The informant continued communicating with the Santa Maria, informing them of the daily happenings on board the Leif Erikson.

End of the Mutiny

On January 29, three small lifeboats were secretly launched from the Columbus which would stealthily dock with the lifeboats. With the Informant’s help the mutineers remained unaware of the approaching lifeboats. The boats were filled with armed members of the Columbus, the majority of whom had military experience and had been awarded spots on the Tour by their respective militaries. A day later, the lifeboats attached to the Leif Erikson and the volunteers stormed the command bridge and took it back. Twenty-two mutineers were killed in that final altercation, bringing the total dead to fifty-seven.

The remaining seventy-three mutineers were brought up on charges of murder and were confined to their houses until a jail was constructed. All the mutineers were held in said jail until they returned to Earth where they were tried and sentenced according to their crimes.

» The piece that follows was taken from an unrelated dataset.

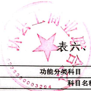
表六、一般公共预算支出情况表
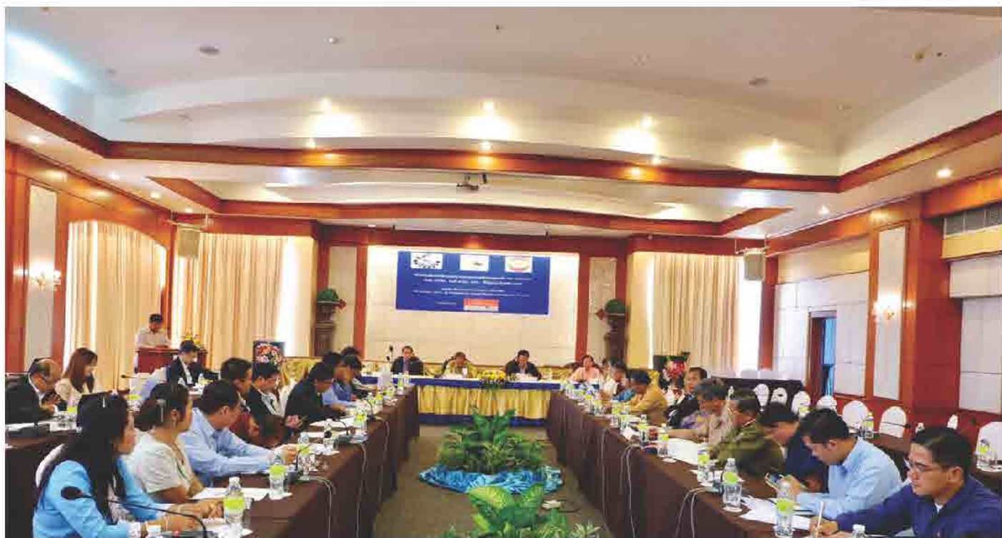
ກອງປະຊຸມປຶກສາຫາລື ພາກລັດພາກທຸລະກິດ ຂັ້ນແຂວງ ໃນວັນທີ 19 ຕຸລາ 2017 ທີ່ ໂຮງແຮມ ຈຳປາສັກແກຣນ, ແຂວງຈຳປາສັກ

With the captain of the Leif Erikson dead, her former husband and first mate was appointed captain and with the official confirmation from Earth he was able to unlock the ship’s systems and resume the tour.

During the mutiny, five sets of parents were killed, leaving ten young children orphaned. Childless couples on each of the five ships volunteered to adopt and raise these children and within a few weeks each child had been officially adopted.

The week after the mutiny ended was set aside for the mourning of the dead. The bodies were placed in cold storage for later burial on Earth and a ceremonial cemetery was placed on the Leif Erikson.